Tangaroa College Samoan young migrants. Photo: Supplied
Tangaroa College Samoan young migrants. Photo: Supplied

By Ann-Tauilo Motuga

Aotearoa has a long history of Pasifika migration.

Like many immigrants, Pasifika families endured challenges with settling into a new country, learning a new language and being in a new social and economic environment. We have heard stories of our ancestors dealing with hardships in their time, but what about the stories of reconnecting to one’s culture in a foreign country by those who are alive today?

David Riley, a writer from Māngere and former drama and English teacher at Tangaroa College, is publishing a bilingual book of stories based on our Samoan young people living in Aotearoa. The book is called La’u Penina Tautele – My Pearl of Great Price, and shares the individual stories of how Samoan young migrants are reconnecting with their culture and their home from afar.

“The students told me they loved sharing their stories, because they want to encourage other Samoan young people to always remember who they are,” David says.

La'u Penina Tautele Book cover. Photo: Supplied
La’u Penina Tautele Book cover. Photo: Supplied

Funded by Auckland Libraries, La’u Penina Tautele contains stories written by 11 Samoan students from Tangaroa College. Each student shares a different approach of how they maintain their connection to their Samoan upbringing. Before leaving Samoa, Malo Malaki belonged to a car club back in Samoa with his family.

“He’s joined a car club based in Ōtara with some school friends which to him is a way he maintains his connection to home,” David says. “I have a 1968 mustang, which was a dream car since I was a kid, so I can definitely relate to the car culture that Malo enjoys,” says David.

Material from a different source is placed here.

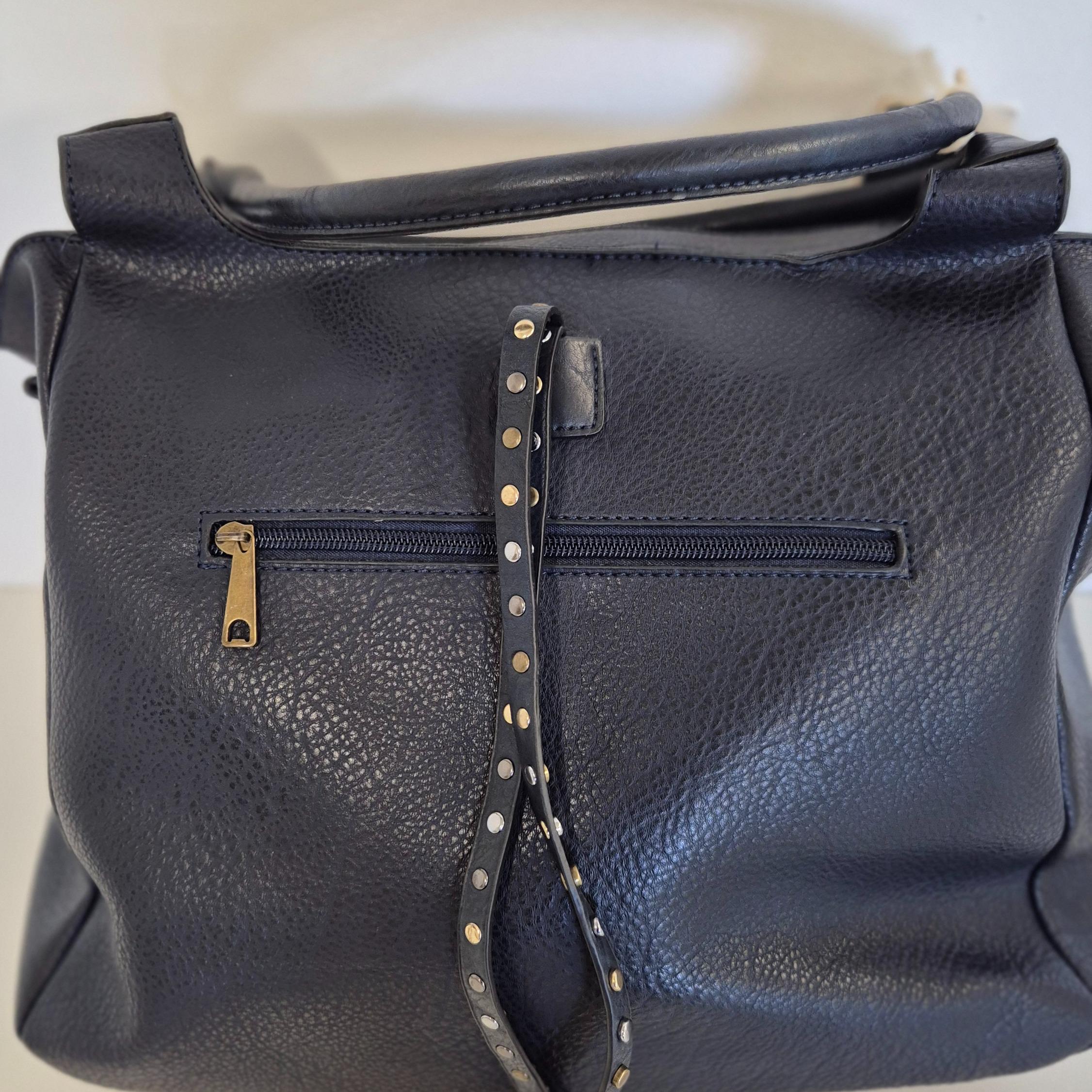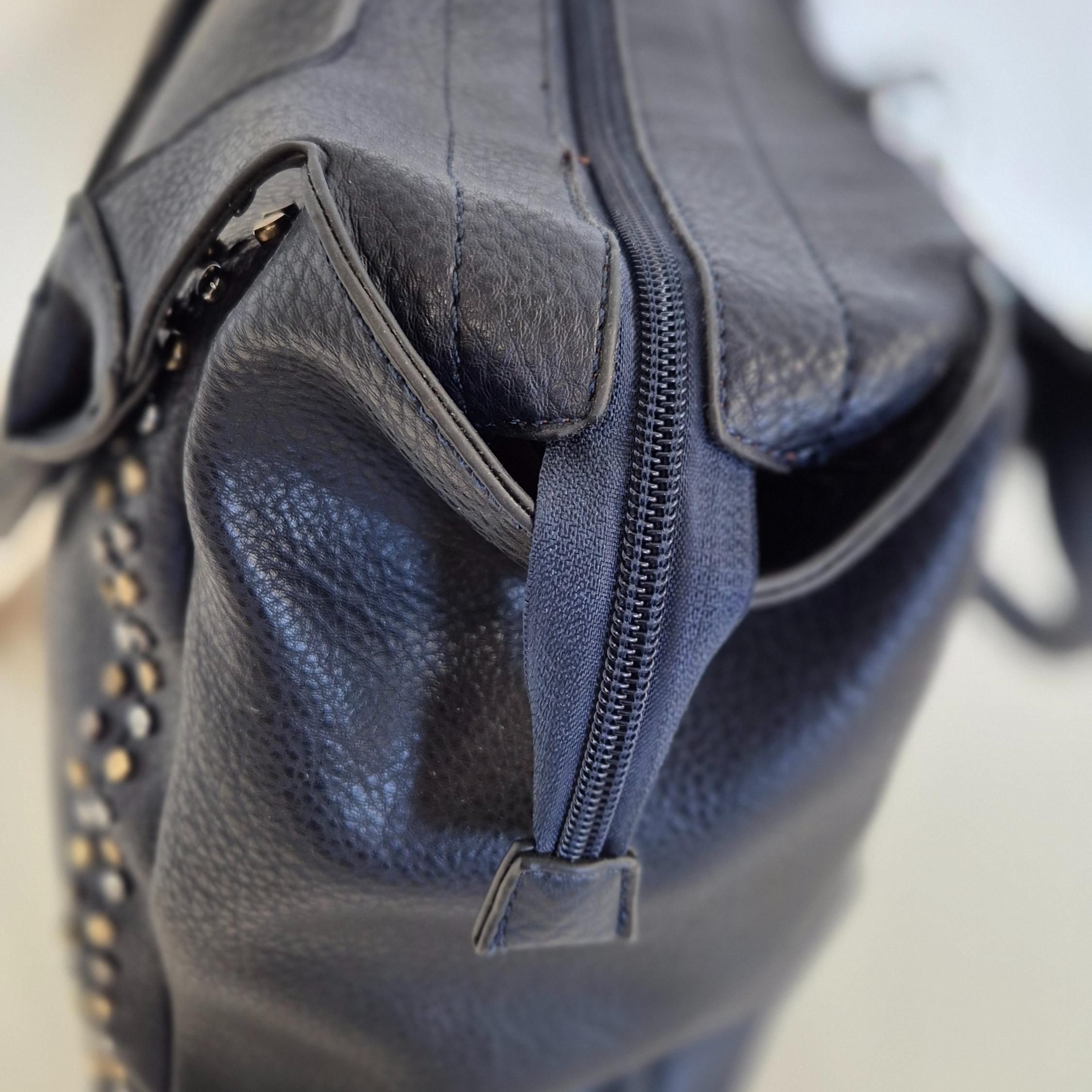 Disegnata in Italia, Stella unisce la funzionalità di una grande borsa everyday alla cura dei dettagli tipica della pelletteria italiana. Ogni borchia, ogni impuntura e la scelta del blu notte raccontano uno stile moderno, sicuro di sé e versatile. È più di una borsa: è un accessorio di personalità, pensato per la donna che vive la città con energia e vuole sentirsi sempre unica.

As with most migrant families, our Pasifika people tend to move to Aotearoa in search for a brighter future for their families. Student Togisau Chan Sau moved to Aotearoa in 2019.

“It was great being with my parents back in Samoa,” he says, “but they wanted me to come here to study.”

Togisau shares his dreams and aspirations of becoming a police officer in order to help others and help the country.

“I want to represent my people and help them to understand more about the law,” Togisau says. “Pacific people feel safe in the world where they know there are Pacific police officers.”

Togisau Chan Sau. Photo: Supplied.
Togisau Chan Sau. Photo: Supplied.

David has been working on La’u Penina Tautele since February, and he says it’s been a real blessing to work with such dedicated and loving young people.

“I hope they’ll be proud of these young people and admire them for the commitment they have towards the things they do,” he says. “They are determined to achieve the dreams their families have in sending them here to Aotearoa.”

With the release coming up on Friday 4th June, David’s ultimate goal for La’u Penina Tautele is to fill the huge need for books written by, with and for Pasifika people. Student Petala Nanai says that this book will help Samoan youth remember that wherever in the world you go “you’re still going to be Samoan.”

La’u Penina Tautele will be available in all Auckland Libraries and can be bought from Reading Warrior in June.